To identify the element responsible for PPAR-γ/RXR heterodimer-induced transactivation of adiponectin promoter, we analyzed the effects of serial deletions of adiponectin promoter on luciferase activities (Fig. 2C). VP16-PPAR-γ- and VP16-RXRα-induced transactivation was completely abolished when the region between −286 and −267 was deleted. Inspection of this region revealed a putative PPRE of the DR1 type at −273 to −285. Figure 3A shows the similarity of the putative PPRE sequence in human adiponectin promoter to the previously described PPRE sites in various gene promoters (35,36,39,40).
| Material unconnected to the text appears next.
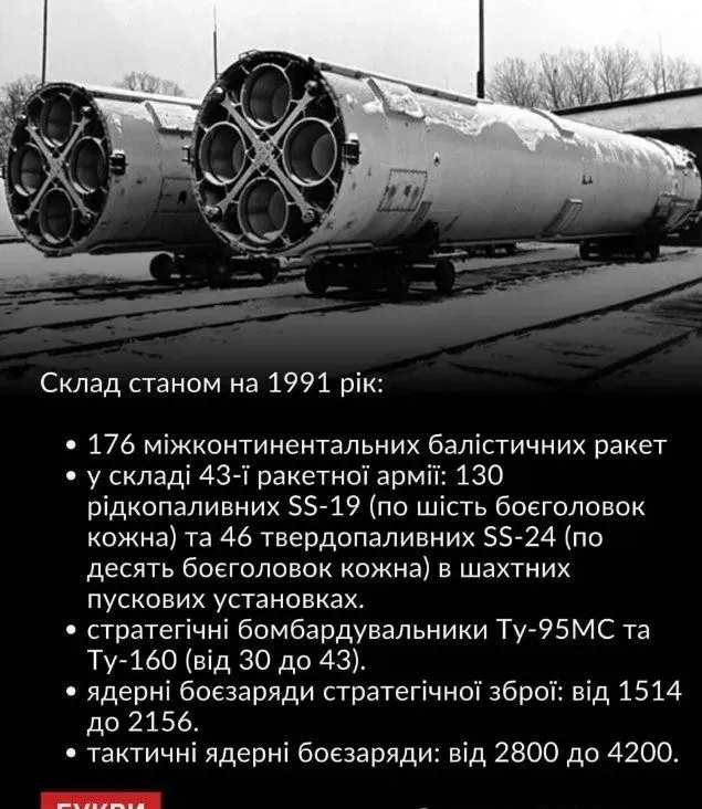 蘇聯解體之後,烏克蘭繼承了176枚洲際導彈,1240枚核彈頭;42架戰略轟炸機,可攜帶336枚核彈頭;還有數百件戰術核武器,成為了全球第三大核武庫。

To validate this putative PPRE, we introduced point mutation from GG to AA at −276/−275 position (Fig. 3B). This replacement of two nucleotides completely abolished transactivation of human adiponectin promoter by VP16-PPAR-γ and VP16-RXRα (Fig. 3C). These results showed that PPAR-γ/RXR heterodimer activated the transcription of adiponectin gene via the identified PPRE in its promoter.
PPAR-γ/RXR heterodimer binds to human adiponectin PPRE.
To confirm that PPAR-γ/RXR heterodimer binds to the identified PPRE in human adiponectin promoter, EMSAs were performed with the double-stranded oligonucleotide containing human adiponectin PPRE. 32P-radiolabeled PPRE oligonucleotide was incubated with in vitro translated PPAR-γ and/or RXRα (Fig. 4). Neither PPAR-γ nor RXRα alone bound to human adiponectin PPRE (Fig. 4, lanes 2 and 3). When PPAR-γ and RXRα were incubated together, the mobility of the labeled probe was shifted (Fig. 4, lane 4). The signal of the shifted band disappeared by competition with an excess of the homologous oligonucleotide (Fig. 4, lanes 5 and 6), but not with the PPRE mutant (Fig. 4, lanes 7 and 8), which contains point mutation (GG to AA, −276/−275), as described in Fig. 3B. Another unlabeled oligonucleotide based on the PPRE present in mouse aP2 gene enhancer (36) was also an effective competitor (Fig. 4, lanes 9 and 10). These results indicated that PPAR-γ/RXR heterodimer bound specifically to the identified PPRE in human adiponectin promoter.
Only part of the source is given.